What is the best TTS API for real-time voice agents in 2026?

For real-time voice agents, the key criteria are TTFA under 250 ms, WebSocket-based streaming, and ideally an integrated STT for turn detection. Gradium, Cartesia Sonic-3, and ElevenLabs Flash v2.5 are the strongest options. Gradium is the only provider in this comparison that offers a fully unified TTS, STT, and voice cloning stack through a single WebSocket API.

What is TTFA in Text-To-Speech and why does it matter?

TTFA (Time to First Audio) is the time between sending text to a TTS API and receiving the first audio chunk. In a voice agent pipeline combining STT, LLM, and TTS, the total round-trip should stay under 800 ms for conversation to feel natural. That leaves the TTS layer a practical budget of 150 to 250 ms. TTFA is the primary latency metric for evaluating TTS APIs in interactive applications.

Which TTS APIs support voice cloning in 2026?

Gradium offers Instant Voice Cloning from 10 seconds of audio (available on the free tier) and Professional Voice Cloning from the M plan. ElevenLabs offers Instant on paid plans and Professional on Scale and above. Cartesia offers Instant from 10 seconds. Deepgram Aura-2 and OpenAI standard TTS do not support voice cloning. Always obtain explicit consent from the person whose voice is being cloned before using any voice cloning API.

What is the difference between WebSocket streaming and HTTP streaming in TTS?

WebSocket streaming maintains a persistent bidirectional connection across multiple turns, saving connection overhead (roughly 40 to 50 ms) on every request after the first. HTTP chunk transfer encoding streams audio within a single request but requires a new connection per request. For single-shot narration, HTTP streaming is sufficient. For multi-turn voice agents, WebSocket streaming reduces per-turn latency and simplifies session management.

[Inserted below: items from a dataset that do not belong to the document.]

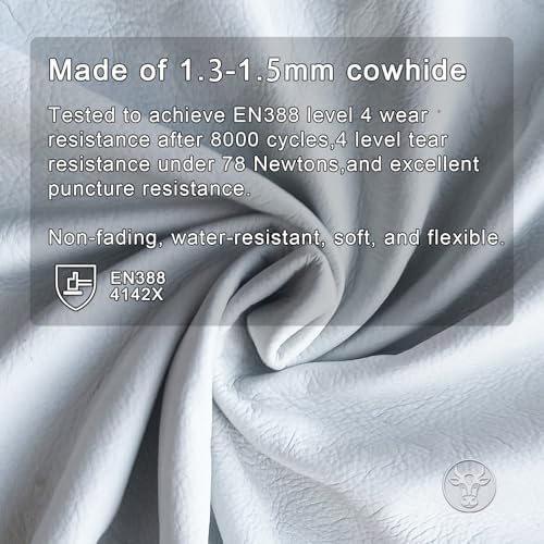 Excellent leather material: These work gloves are made of 100% thick cowhide leather, thickness 1.3-1.5mm. They are soft, flexible, and have no irritating odor, making them ideal as durable working gloves for various tasks.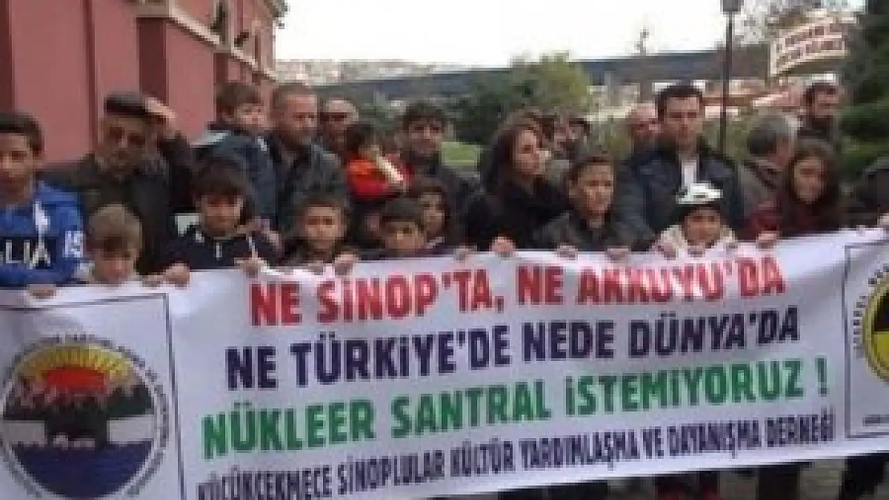 Küçükçekmece Sinoplular Derneği, İstanbul Nükleer Karşıtı Platform ve Sinop Nükleer Karşıtı Platform üyesi bir grup, "Sinop Tanıtım Günleri" etkinliğinin yapıldığı Feshane Kongre ve Kültür Merkezi'nde bir araya geldi. "Ne Sinop'ta ne Akkuyu'da ne Türkiye'de ne de dünyada nükleer santral istemiyoruz", "Çernobil'in gölgesi üstümüzdeyken nükleer gölge etme başka ihsan istemez", "Sinop Fukuşima, Akkuyu Çernobil olmasın" pankartı açan grup, "Nükleere inat, yaşasın hayat", "Sinop Çernobil olmasın" sloganları attı. "Sinop Tanıtım Günleri" kapsamında stant açmak isteyen gruba, polis izin vermedi. Grup adına konuşan Küçükçekmece Sinoplular Derneği Başkanı Adnan Çakar, Türkiye'de nükleer santralin ilk adımının Akkuyu'da atıldığını ve buranın Çevresel Etki Değerlendirmesi (ÇED) raporunun jet hızıyla onaylandığını savundu. Sinop'taki nükleer santralle ilgili çalışmaların da hızlandırıldığını anlatan Çakar, şunları kaydetti: "Dünyaya baktığımızda trajikomik bir durumla karşı karşıyayız. Sanayi devi Almanya'nın, 2022 yılına kadar bütün nükleer santrallerini kapatma kararı aldığında dayandığı nokta olan yenilenebilir enerji kaynakları, bizden katbekat azdır. Buna rağmen bizim 60 kilometrekarelik alanda 225 bin ağaç keserek nükleer ada kurmamız her aklı başında insanda soru işareti yaratmaktadır. İnceburun Yarımadası'nın tamamı ormanlık alan olduğu göz önüne alındığında milyonlarca ağaç daha kesilecektir. Bu insanlar aynı zamanda Amerika'nın 1978 yılından beri nükleer santral siparişi vermemiş olmasını da sorgulamaktadır. Dünya 2000'li yıllara kadar 4 bin 500 santral yapmayı planladığı halde neden 443'ünden fazlasını yapmamıştır? Avrupa'da Finlandiya'da bir nükleer santralden başka göremezsiniz." Adnan Çakar, Sinoplular olarak Gerze'de termik santralin kurulmasına engel olduklarını, bu yöndeki çalışmalarının devam edeceğini söyledi. Nükleer santrallerin iş imkanı üretmeyeceğini aktaran Çakar, "Bizi yalanlarıyla ikna edemeyecekler. Mücadelemizde geri adım atacak olanlar nükleer lobiler olacaktır. Son sözümüz mutlu kenti, mutsuz etmeyin. Mutluluğumuza gölge etmeyin. Sinop, Çernobil olmasın" diye konuştu.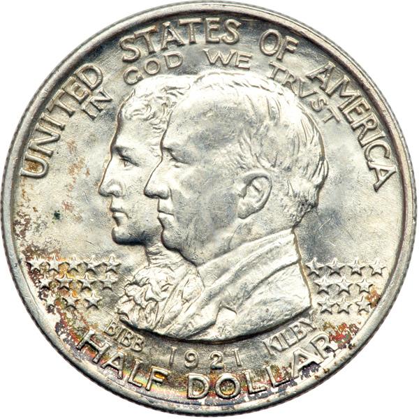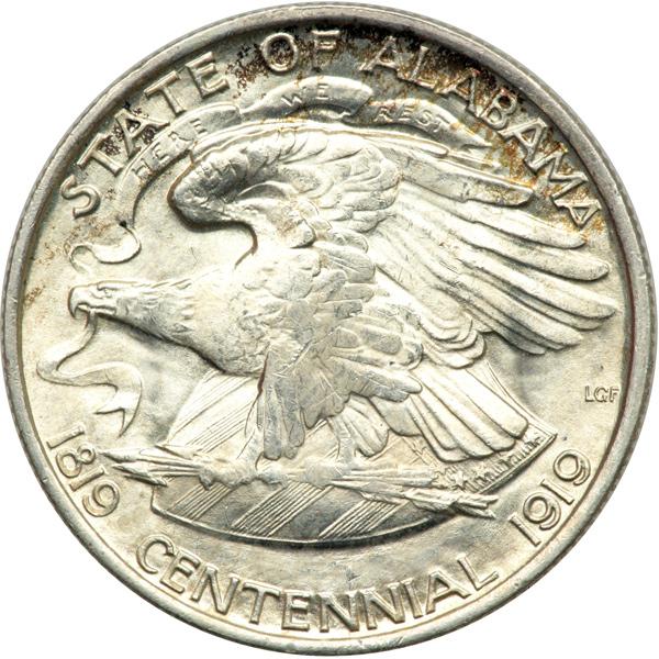 1921 Alabama Half Dollar, no 2 x 2. PCGS graded MS-64. Lightly toned on both sides, the devices are filled with silvery radiance while all design features were fully detailed. Only 6,006 made (PCGS # 9224) .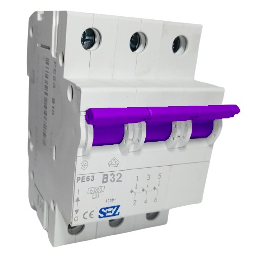 Třífázový jistič SEZ PE 63-B 32A na DIN lištu je třípólový jistič s charakteristikou zátěže B s maximálním proudem 32 A a zkratovou schopností 6 kA. Jistič slouží k ochraně elektrických obvodů proti přetížení a zkratu.

Which TTS API supports the most languages?

Cartesia Sonic-3 supports 40+ languages, making it the broadest option in this comparison. ElevenLabs supports 32 languages across Flash v2.5 and Multilingual v2. Deepgram Aura-2 supports 7 languages. Gradium supports 5 languages (English, French, Spanish, German, Portuguese) with native fluency and mid-sentence code-switching. OpenAI TTS supports multiple languages but documentation states voices are currently optimized for English.

Can I test these TTS APIs for free?

Yes. Gradium offers 45,000 credits per month on its free tier (approximately 1 hour of TTS or 4 hours of STT) with 5 Instant Voice Clones and no credit card required. Cartesia offers 20,000 free credits per month. Deepgram offers $200 in one-time credits. OpenAI API accounts receive $5 in one-time credits (expires after 3 months). ElevenLabs offers a free tier with limited monthly character usage.

What is the cheapest TTS API for high-volume usage?

For straight per-character pricing, Deepgram Aura-2 at $0.030 per 1,000 characters is among the most competitive rates for standard quality. Gradium's credit system at $13/month for approximately 5 hours of TTS is cost-efficient when TTS and STT are bundled in the same budget. Cartesia at approximately $0.03 per minute is competitive for workloads where pricing per minute of audio aligns with your volume profile.

Does Gradium offer an on-device TTS option?

Yes. Gradium's Phonon model runs on a standard smartphone CPU without a server connection, designed for edge deployments in gaming, mobile applications, and robotics. This is a distinct capability not offered by ElevenLabs, Cartesia, or OpenAI TTS in their standard developer offerings.

What is the difference between ElevenLabs Flash v2.5 and Multilingual v2?

Flash v2.5 is optimized for real-time applications with 288 ms P50 TTFA on the Coval benchmark, 32 languages, and $0.05 per 1,000 characters. Multilingual v2 is optimized for maximum voice quality with 1,232 ms P50 TTFA on the Coval benchmark, 32 languages, and $0.10 per 1,000 characters. Flash v2.5 is the right choice for voice agents and interactive applications. Multilingual v2 is suited for narration, dubbing, and content where quality takes priority over latency.

Gradium was founded by Neil Zeghidour, Laurent Mazaré, Olivier Teboul, and Alexandre Défossez, co-founders of Kyutai, the Paris-based non-profit AI research lab. At Kyutai they released Moshi (real-time Speech-To-Speech) and Hibiki (live Speech-To-Speech translation). Before that, the team was at Meta, Google DeepMind, and Google Brain.

What SDKs and integrations does Gradium support?

Gradium provides official SDKs in Python and Rust. It ships official integrations for LiveKit and Pipecat, the two most widely used voice agent orchestration frameworks. Deployment is supported via cloud marketplace, private cloud, on-premise, and on-device through the Phonon model, with the same model and API across all four options.

How does Gradium pricing compare across plans?

Gradium uses credit-based pricing: 1 character of TTS equals 1 credit, 1 second of STT equals 3 credits. The free plan includes 45,000 credits per month with 5 Instant Voice Clones. Paid plans start at $13/month (XS) and scale to $1,615/month (L). Pay-as-you-go credits are available on all paid plans. Full plan details are at gradium.ai/pricing.

What is Semantic VAD and does Gradium include it?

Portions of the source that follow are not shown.